The whole point of reformist socialism is that you should not try to get there in a single giant leap, but step by step, with the fully socialist society more of a Platonic ideal: There'll likely always be a next thing to fix.

Austria having free education does not make it socialist - but it makes it more socialist.


I think we have to be careful here because none of these countries which we have thus far mentioned have any ambitions of attaining the socialist crown you speak of. They like it the way it is: capitalist with strong protections for and investments (education, healthcare) in their capital producing peoples.


Indeed. Hence, not every Social Democrat can be considered a socialist - only progressive ones that still dream of a better world instead of having made peace with the status quo.


Not having some of the largest wealth inequality in the world (look it up).


A textbook reformist democratic socialist policy would be giving employees a seat on the board of directors, or allocating some company shares of publicly traded companies to them.

If Bernie Sanders had his way[1] and this was implemented in the US, the country would become more socialist.

[1] https://berniesanders.com/issues/corporate-accountability-an...


Sanders here mentions similar policy in Germany, but forgot to mention differences between US and german corporate governance models (one board vs two boards). In Germany (and many other EU countries), companies have executive board and supervisory board, the later is mainly to provide monitoring role and that is the board where empolyees have seat on.

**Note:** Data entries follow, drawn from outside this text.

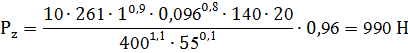 - окружная сила резания при фрезеровании, Н;
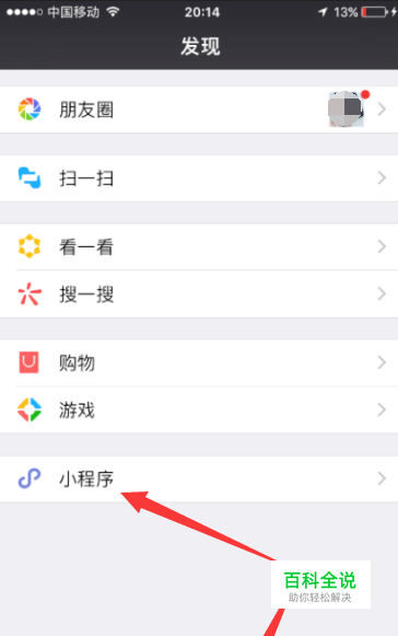 打开微信,进入发现栏——小程序。
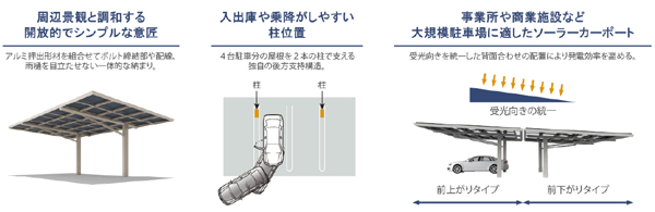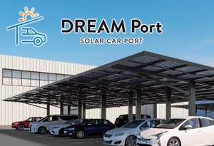 【外観】 | 「DREAM Port」は、事業所や商業施設、工場などの建物の景観に溶け込むデザインを採用したソーラーカーポートです。 |
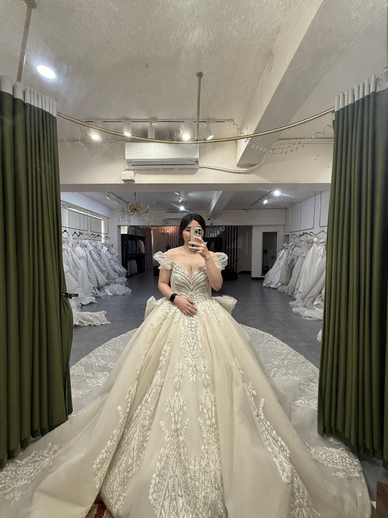 真的也十分感謝他在我提出想去海邊及草地拍照時給了我許多最真實的建議,因為本身是肉肉女孩,在挑選禮服的時候一直想著要修飾身形,很感謝佳璇也提醒了我可以等宴客後再考慮修飾身形的禮服,而且手腳非常俐落,試穿速度也非常的到位,當天不到一小時就已經完成挑選婚紗😂也讓我們順利挑到喜歡的拍照禮服!
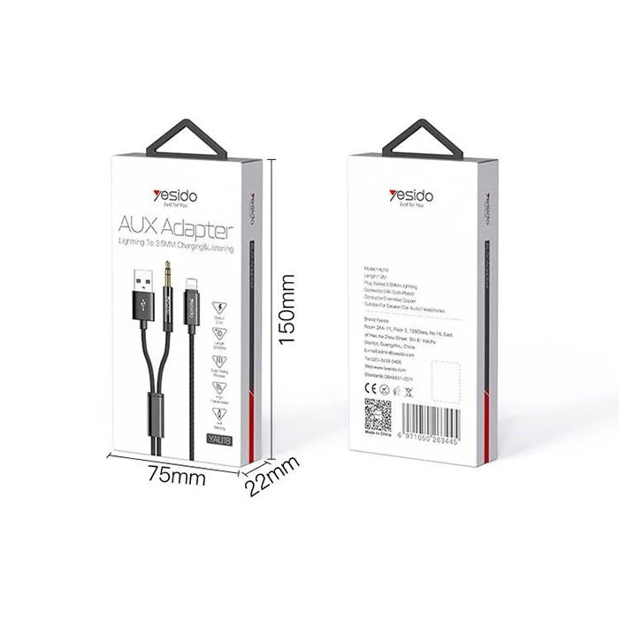YESIDO YAU 18 كابل شحن ايفون + مخرج صوت
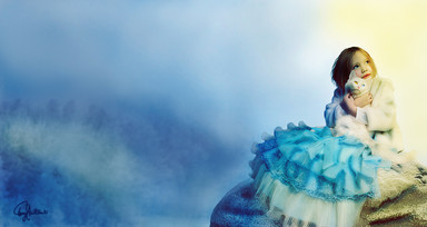 Absolutely gorgeous. The detail on her hat and the cat's fur is just lovely! <3
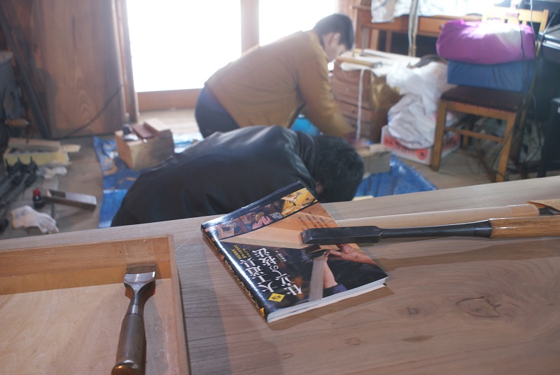 新人大工の勉強会の風景です。正に杢創舎大工塾のスタートとなりました。最初はやはり、手道具作りです。新品の鑿を買うと直ぐに使えるものではなく、刃先だけでなく柄の部分の輪っかや叩く部分の小口の調整も重要となりますから、先輩大工に指導をお願いして、今後自分で扱う為の道具の調整に取り組ませていました。この後は研ぎに入るわけですが、とにかく研いで研いで研ぎまくりとさせようと思います。大工がこうした鑿や鉋を扱う機会が少なくなった現代ですが、当社ではそうした昔からの息吹がこうしてまだ確りと息ついています。

No, you are even more wrong. Social democracy is not socialism. The state doing stuff is not socialism. A functional health care system is not socialism. The bare minimum of being socialist is to want to transition away from a capitalist system which no country in Europe has any ambitions.


Compared to the US, in terms of the US political dictionary it prolly is.

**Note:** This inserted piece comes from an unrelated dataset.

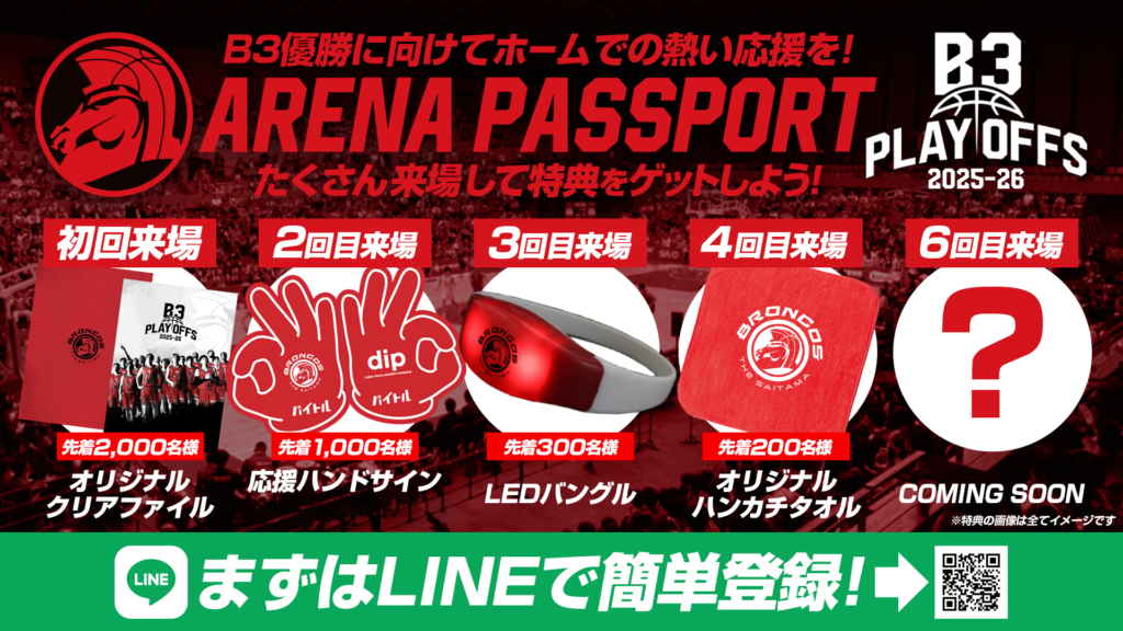 さいたまブロンコス公式LINEの友だち追加、およびデジタル会員証を設定(無料)の上、ホームゲーム会場で来場登録を行っていただくことで「来場スタンプ」を取得することができます。集めたスタンプ数に応じて来場特典をプレゼントいたします。

But no: socialism by the most agreed on definitions in the rest of the world needs some sort of wealth cap that Finland has not.


I think he's Finnish himself, but "socialist" was probably a harsh word here.


The tolerance paradox


Popper is a retarded pseud and if you take “the tolerance paradox” seriously you should stop trying to make philosophical or political arguments. All it means if you think it’s relevant is that your personal philosophy is internally inconsistent and unstable.